The Rays are 42-19 against teams with winning percentages under .500, including 26-9 vs. the last-place Blue Jays, White Sox, Astros, Marlins and Giants. But they are 38-47 against teams at .500 or better, including 13-21 vs. the first-place Red Sox, Tigers, A's and Dodgers.

Rays rumblings

Kelly Nash is wrapping up a one-year deal as Sun Sports' Rays reporter but will stick around for at least the winter, hired to do pregame, in-game and postgame reports for Lightning TV broadcasts. … Fox Sports' Ken Rosenthal poses an interesting question: "So, after all the debate over the Wil Myers trade, what if Royals make playoffs and Rays don't? Will deal still look as short-sighted?" … As the rotation is currently set, LHP Matt Moore would pitch Game 162 and LHP David Price a Game 163 tiebreaker or wild-card game. … It doesn't seem right (and not just because Times writers are regular guests) that the Rays radio pregame show isn't aired in the Tampa Bay market on September weeknights due to Bucs player/coach shows. … The Rays decided to not renew their sponsorship of the kids play area at Tampa's International Plaza; Busch Gardens takes over.

For starters

It was going to be hard to match 2012's stellar success anyway, and the Rays made it tougher by trading veteran leader James Shields, along with Wade Davis, who was a decent fallback option. They further traded down by signing Roberto Hernandez to fill in at the back end but losing Jeff Niemann for the season due to shoulder surgery. The hits kept coming, as David Price (triceps), Alex Cobb (concussion) and Matt Moore (elbow) all had extended DL stints, and Jeremy Hellickson was so bad he was forced to take a week off. They had to patch holes from mid May until early September, starting four rookies in a seven-game span, and six in 12, plus veteran reliever Jamey Wright on Sept. 1, and using nine starters total, most since 2008. Naturally, the results haven't been as good — the starters ERA is a half-run higher than last year (3.34 to 3.87), strikeouts are down, walks are up.
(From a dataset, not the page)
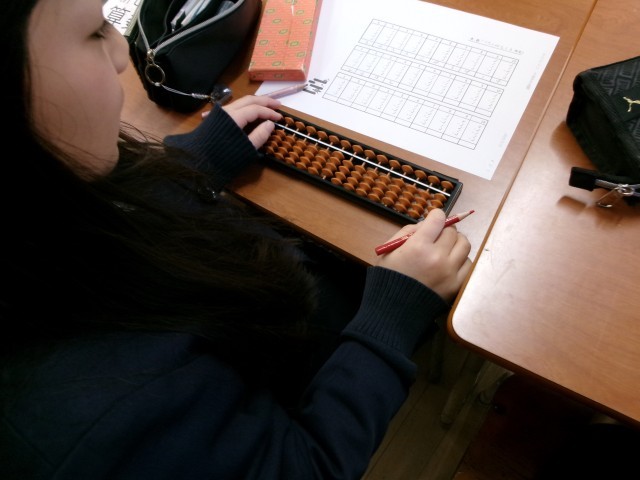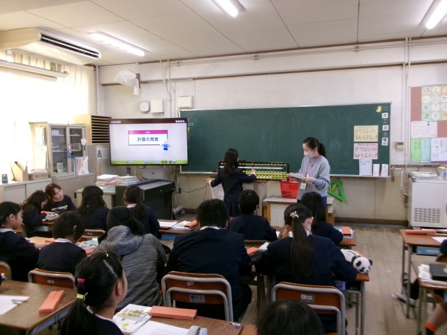 ゲストティーチャーを招いて「そろばん」の学習をしていました。

Got a minute? with Chris Gimenez

Best meal you can make?

We call them Santa Marias. It's like a steak sandwich. Take tri-tip, marinate it — a special marinade, I can't tell you or I'd have to kill you — then slow roast it on the barbecue and slap it on some garlic bread.

Must-see TV?

Duck Dynasty — that's not even a question. If you haven't seen it, you've got issues.

Band/singer you'd like to be on stage with?
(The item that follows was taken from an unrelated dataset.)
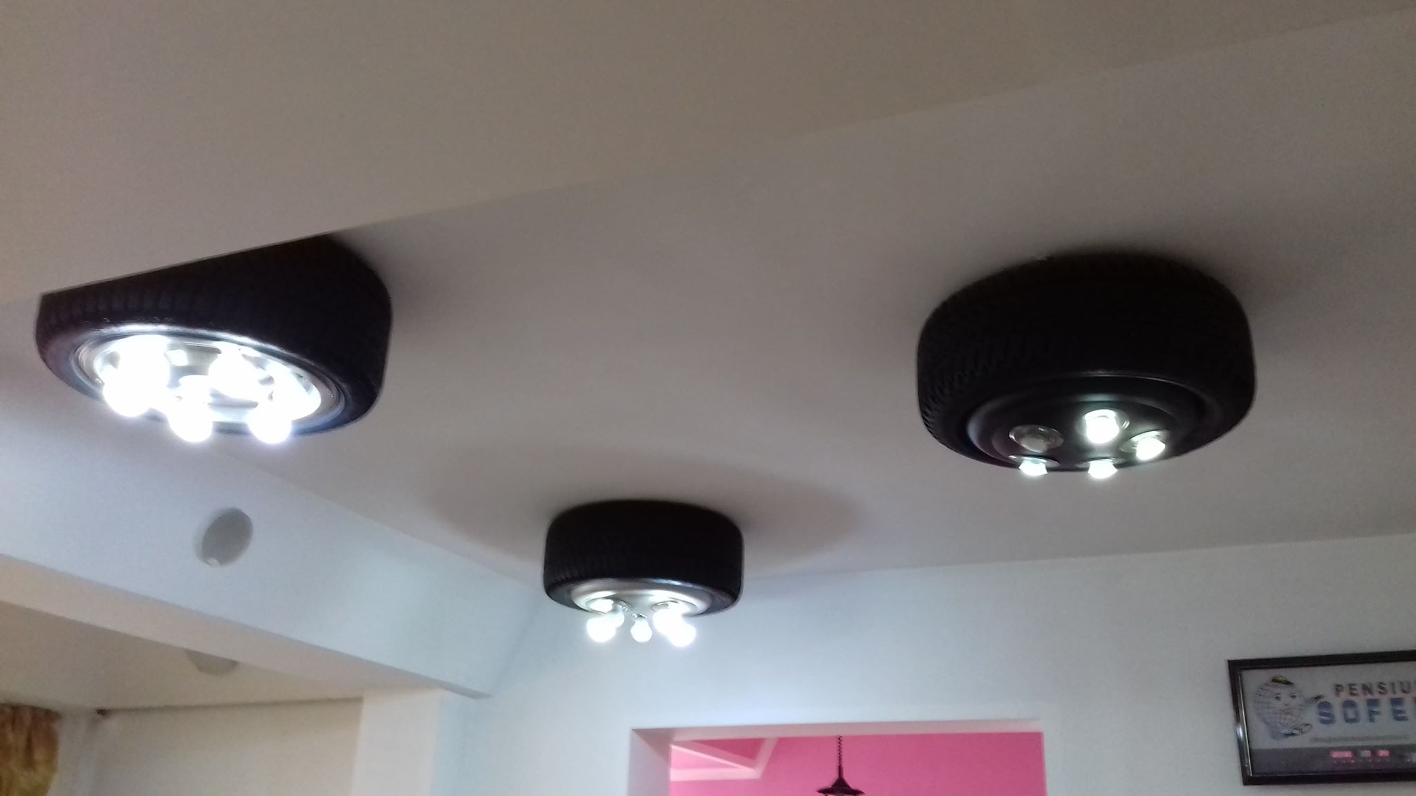 Roțile mașinii sunt folosite pentru iluminat în restaurantul pensiunii

Sevendust, without a doubt.

Favorite movie?

Gladiator. It's like a feel-good story; how could you not root for Russell Crowe?

Celebrity crush?

It's a tie between Carrie Underwood (far left) and Jessica Biel. Jessica Biel could have a slight edge — and she knows that.

Damaging digits

2 Hits in their last 22 at-bats with the bases loaded

7 Losses when scoring six or more runs.

7 Losses on the last pitch.

11 Losses when blowing a lead in the seventh inning or later, including nine in their first 75 games.

73 Innings in which they allowed four or more runs.